__PROVIDED RECORDS__
== Segment start ==
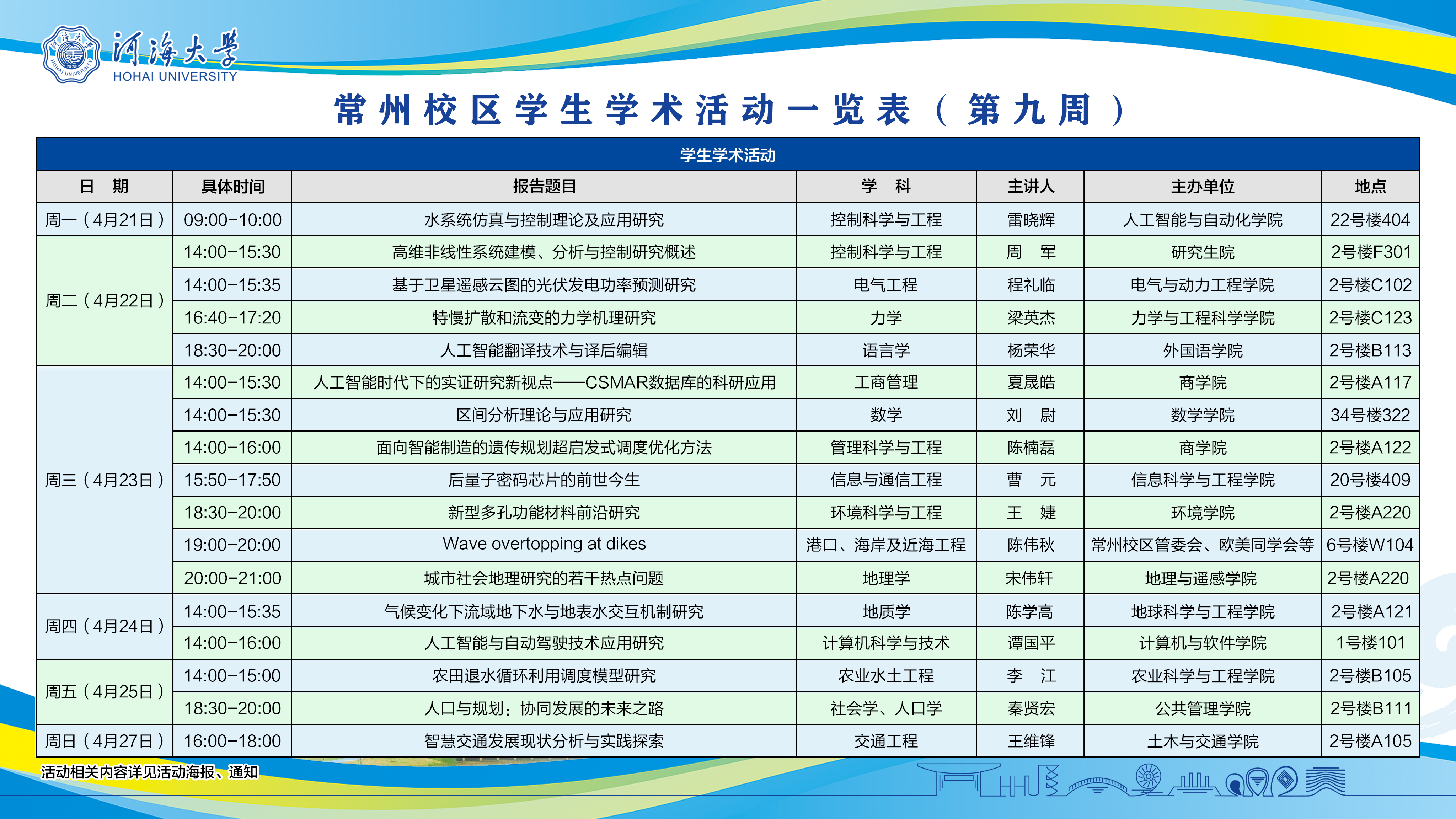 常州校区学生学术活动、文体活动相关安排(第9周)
== Segment end ==
== Segment start ==
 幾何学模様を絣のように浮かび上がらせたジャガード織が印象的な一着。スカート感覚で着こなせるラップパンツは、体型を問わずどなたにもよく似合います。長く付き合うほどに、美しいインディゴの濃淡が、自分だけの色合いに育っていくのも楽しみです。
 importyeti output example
== Segment end ==
== Segment start ==
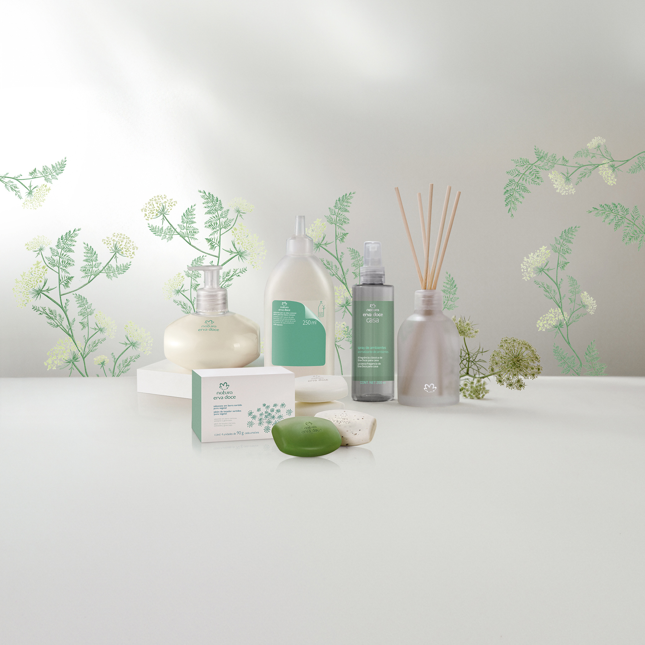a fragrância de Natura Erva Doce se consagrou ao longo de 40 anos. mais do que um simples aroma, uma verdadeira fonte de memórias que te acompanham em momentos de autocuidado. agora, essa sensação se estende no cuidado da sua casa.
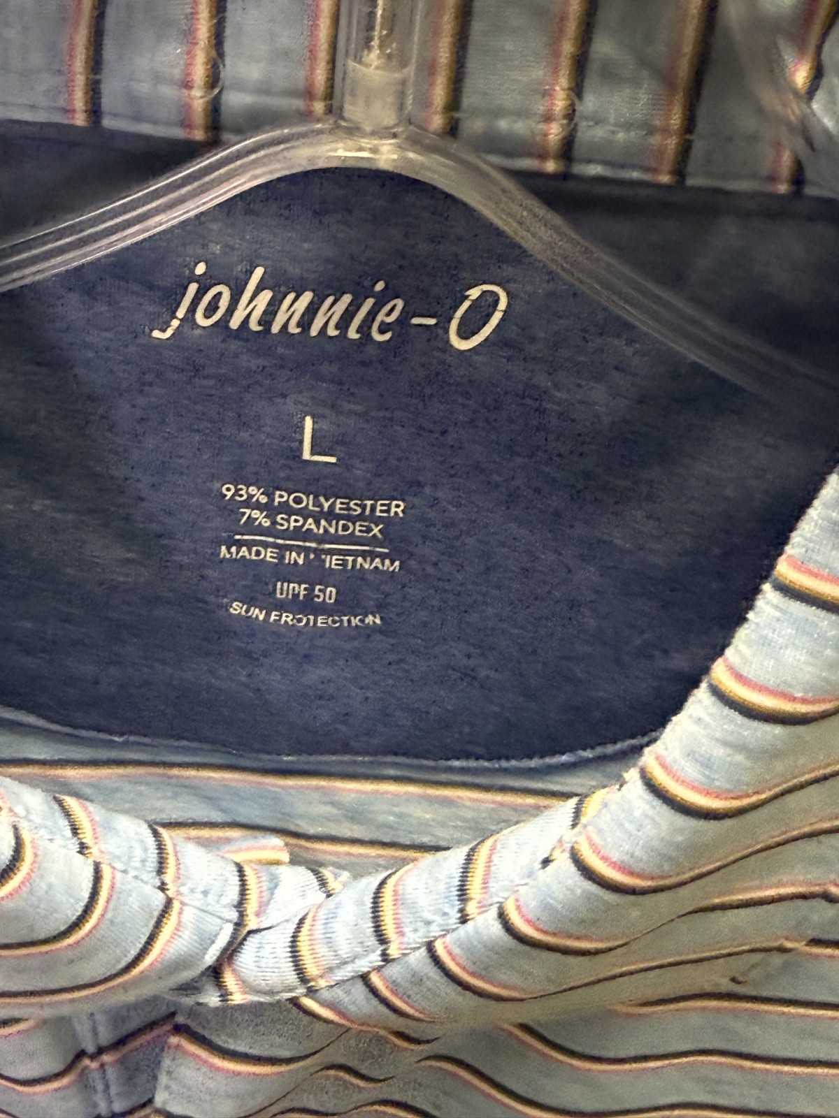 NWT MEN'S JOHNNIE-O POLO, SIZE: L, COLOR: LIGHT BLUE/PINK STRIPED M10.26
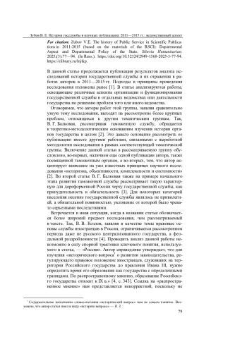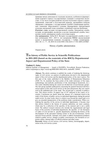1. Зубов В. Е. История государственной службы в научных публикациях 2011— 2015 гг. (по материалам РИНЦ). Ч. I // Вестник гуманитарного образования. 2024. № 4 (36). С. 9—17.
== Segment end ==
__TASK INSTRUCTIONS__
Using the data above, retype exactly and only the lines from the one containing "a fragrância de" up to and including the one containing "1. Зубов В.", with no pictures carried over.

__REPLY__
a fragrância de Natura Erva Doce se consagrou ao longo de 40 anos. mais do que um simples aroma, uma verdadeira fonte de memórias que te acompanham em momentos de autocuidado. agora, essa sensação se estende no cuidado da sua casa.
 NWT MEN'S JOHNNIE-O POLO, SIZE: L, COLOR: LIGHT BLUE/PINK STRIPED M10.26
1. Зубов В. Е. История государственной службы в научных публикациях 2011— 2015 гг. (по материалам РИНЦ). Ч. I // Вестник гуманитарного образования. 2024. № 4 (36). С. 9—17.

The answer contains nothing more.